Annina Seiler is a research associate in English historical linguistics at the University of Zurich. Chiara Benati is a full professor in Germanic philology at the University of Genova. Sara Pons-Sanz is a reader in English language at Cardiff University. The three editors share an interest in the earlier stages of the Germanic languages, historical lexicology and lexicography, as well as in issues connected to multilingualism and language contact in the Middle Ages.

Summary

Glossaries are the dictionaries of the medieval period. They were created at a time when no comprehensive dictionary of the Latin language existed, but lexicographical resources were urgently needed to engage with the writings of Classical and Late Antiquity as well as near-contemporary texts. In the non-Romance speaking areas in north-western Europe, the compilers of glossaries were quick to have recourse to their vernacular languages. Glossaries are often the places in which these languages were put into writing for the first time. Hence, the effort to explain Latin vocabulary resulted in bilingual lexicography and in the establishment of the vernaculars as written languages in their own right. The negotiation of linguistic and cultural barriers lies at the centre of the glossaries. Consequently, medieval traditions of glossography are highly interconnected.

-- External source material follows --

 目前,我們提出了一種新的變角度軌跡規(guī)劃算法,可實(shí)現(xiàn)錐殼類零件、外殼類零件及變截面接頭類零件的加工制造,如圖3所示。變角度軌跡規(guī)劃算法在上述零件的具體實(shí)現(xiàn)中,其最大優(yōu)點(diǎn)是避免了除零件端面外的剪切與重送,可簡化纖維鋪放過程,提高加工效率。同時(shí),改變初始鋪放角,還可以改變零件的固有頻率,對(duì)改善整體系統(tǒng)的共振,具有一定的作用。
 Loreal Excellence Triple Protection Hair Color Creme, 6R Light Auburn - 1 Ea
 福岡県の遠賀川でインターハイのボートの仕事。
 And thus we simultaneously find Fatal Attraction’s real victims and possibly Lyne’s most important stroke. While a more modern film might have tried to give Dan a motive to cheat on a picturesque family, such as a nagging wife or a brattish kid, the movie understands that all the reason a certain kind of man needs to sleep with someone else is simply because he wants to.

This volume represents the first reference work dedicated to medieval glossaries in English and related traditions, including other languages spoken in the British Isles (Celtic languages, Anglo-Norman) and the Germanic languages (High and Low German, Dutch, Scandinavian, Gothic). As such, it is intended as a vademecum for researchers in order to facilitate modern approaches to medieval glossography, lexicology and lexicography, which often require some familiarity with different traditions. Written by experts in the field, the fifty chapters of this volume highlight important characteristics and themes of medieval glossaries and outline different glossographic traditions; they facilitate access to individual glossaries, or groups of related glossaries, by providing detailed discussions of the texts, their sources, relationships and transmission; they also give an account of the current state of research and highlight important resources.

TABLE OF CONTENTS

Preface

 

Introduction (Annina Seiler, Chiara Benati and Sara M. Pons-Sanz)

 

I. Cultural, Intellectual and Textual Contexts

A Typology of Glossaries (Claudia Wich-Reif)

Functions of Glossaries (Rolf H. Bremmer Jr)

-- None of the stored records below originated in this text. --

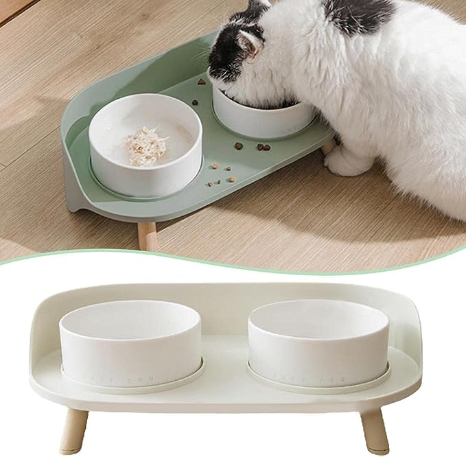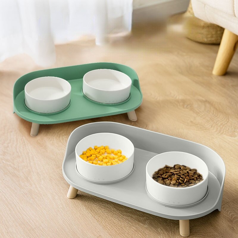 وعاء مزدوج فاخر من السيراميك للحيوانات الأليفة
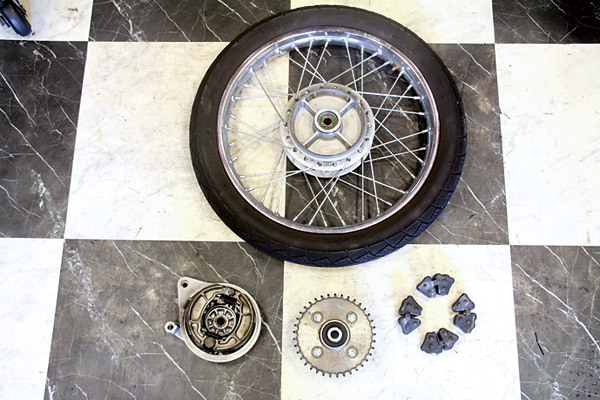 チェーンなどがあるためホイールの ズは2.75-17着脱には手間がかかる。リムバンドが痛んでいたので交換し、ホイールバランスもきっちり取った
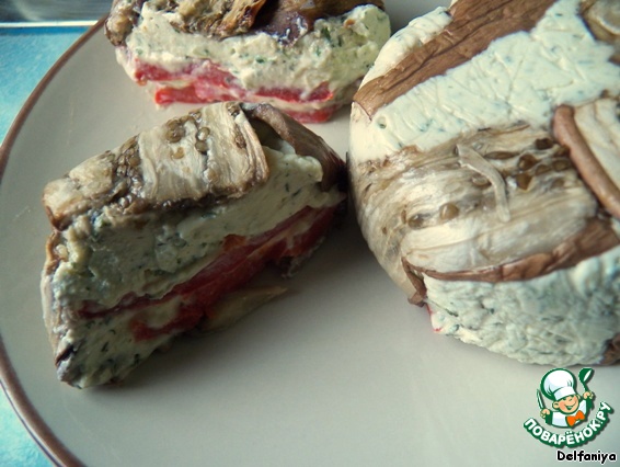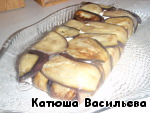 Ломтики баклажанов обмакиваем в оливковое масло и печём в горячей (180-200*С)духовке около 15 минут до мягкости, потом на решётку и под гриль на 5-7 минут.
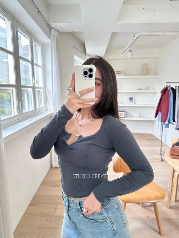 M049 推薦包色~~小辣妹側腰短版打底衣~~❤️ 淺灰深灰都美瘋
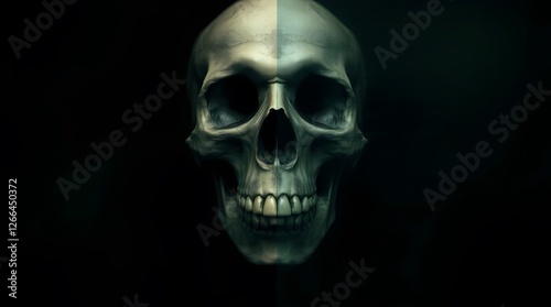 Fototapeta premium Detailed Skull Artwork in Dark Background Symbolizing Mortality and Mystery

Glossaries in a Multilingual Context (Maíre Ní Mhaonaigh)

Glosses, Glossaries and Wisdom Texts (Kees Dekker)

Isidore of Seville’s Etymologies (Carmen Cardelle)

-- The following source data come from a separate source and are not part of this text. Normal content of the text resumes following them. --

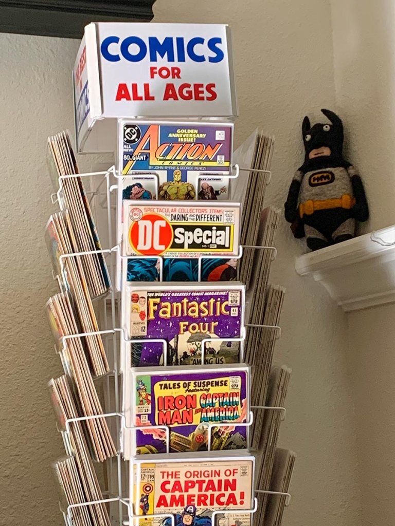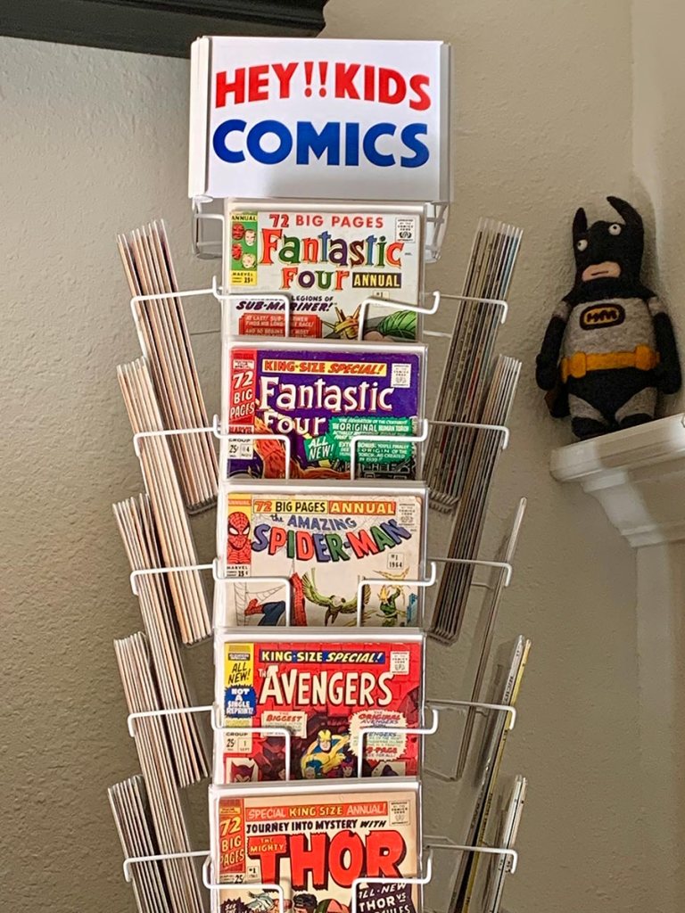 These days, I have a spinner rack in my living room, right next to my TV and I find myself looking longingly at it on a regular basis. It’s filled with comics from my youth, including a run of every Marvel comic cover-dated December 1965. Why that date? I don’t know, other than that’s the month Fantastic Four #45 came out, my favorite issue ever of Marvel’s flagship title. I also have every Marvel Annual from 1962-69 (minus the Millie and Patsy ones) and a row or two of DCs, plus other comics that strike my fancy, all of which I picked up for a reasonable price.
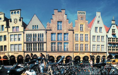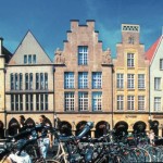 von Frau Springer zunächst bis zum Aasee. Dieses wichtige Naherholungsgebiet der Münsteraner reicht fast bis an die Promenade, einem Grüngürtel, der entlang der ehemaligen Wallanlagen um den mittelalterlichen Kern der Stadt herum verläuft und heute den Fußgängern und Radfahrern vorbehalten ist. Auch dies ist eine Besonderheit Münsters, denn viele andere deutsche Städte haben nach dem Schleifen der Stadtmauern dort eine Ringstraße für den Autoverkehr angelegt. Weiter ging es zur Keimzelle der Stadt: Dem mittelalterlichen Kern um den Dom mit den ältesten Gebäuden der Westfälischen Wilhelmsuniversität und dem Rathaus mit dem Friedensaal. Dieser liegt bereits in der “Guten Stube” Münsters rund um den Prinzipalmarkt. Die Kaufmannshäuser dort mit ihren schmucken Giebeln beherbergen heute Geschäfte des eher gehobenen Bedarfs.
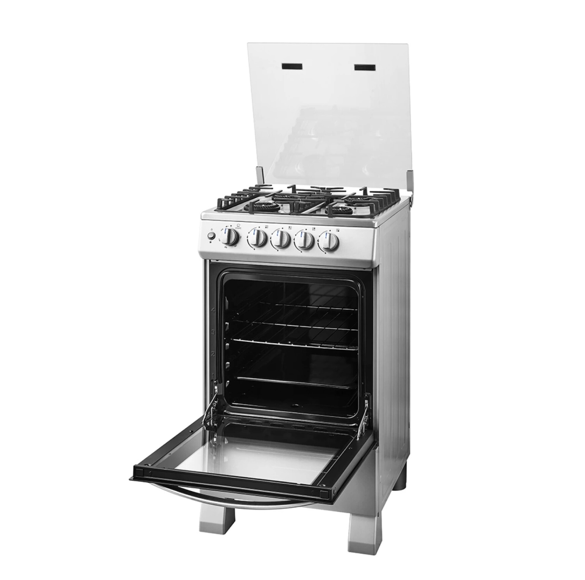 Cocina a gas GLP con encendido eléctrico y horno de 62 L: 4 hornallas FireVortex, puerta de doble vidrio, rejillas de hierro fundido y accesorios incluidos. Potencia y practicidad para cocinar con eficiencia y seguridad en tu hogar.
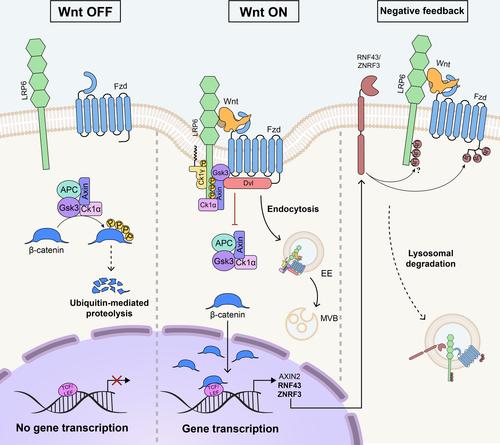Figure 1, General model of Wnt/β-catenin signaling. In absence of Wnt ligands, a destruction complex formed by Axin, APC, GSK3, and CK1 actively promotes β-catenin protein turnover through a proteasome-dependent mechanism, maintaining Wnt signaling in an OFF state. Conversely, in the Wnt ON state, a Wnt ligand binds to its cognate receptors, Fzd and Lrp5/6, inducing the formation of a multiprotein complex known as signalosome and inhibiting the destruction complex activity. The signalosome is subsequently endocytosed into early endosomes (EE), which later mature into multivesicular bodies (MVBs). Signalosome endocytosis is required to transduce the Wnt signal. Consequently, β-catenin protein is stabilized and translocates into the nucleus, where together with TCF/LEF it activates the transcription of Wnt target genes. Among genes activated by β-catenin/TCF, the transmembrane E3 ligases RNF43/ZNRF3 represent elements of an important negative feedback mechanism, which attenuate Wnt signaling by ubiquitination and degradation of the Fzd/Lrp5/6 receptor complex via the endolysosomal system. Note that, while Lrp6 stability is also regulated by RNF43/ZNRF3, it is still unclear whether it is directly ubiquitinated by the transmembrane E3 ligases |

The Hermeneumata Pseudodositheana (Lucia Degiovanni)

The Oldest Latin Glossaries (Franck Cinato)

Latin–Romance Glossaries (Cinzia Pignatelli)

 

II. Glossaries from the British Isles

Old English Glossaries (Hans Sauer †)

The Leiden Glossary (Rolf H. Bremmer Jr and Kees Dekker)

The Épinal-Erfurt Glossary (David Porter)

The Cleopatra Glossaries (Philip G. Rusche)

The Antwerp-London Glossaries (David W. Porter)

Ælfric’s Glossary (Lucia Kornexl)

Glossaries and Biblical Learning in Anglo-Saxon England (Richard Marsden)

Aldhelm (Emily V. Thornbury)

Legal Glossaries (Old and Middle English) (Sara M. Pons-Sanz)

Herbal Glossaries (Old and Middle English) (Hans Sauer †)

Middle English Glossaries (Patrizia Lendinara)

The Glossaries in Bodley 730 (Claudio Cataldi)

Fifteenth-Century Bilingual Dictionaries (Annette Horn)

Anglo-Norman Glossaries (Heather Pagan)

Bilingual Verse Vocabularies (Thomas Hinton)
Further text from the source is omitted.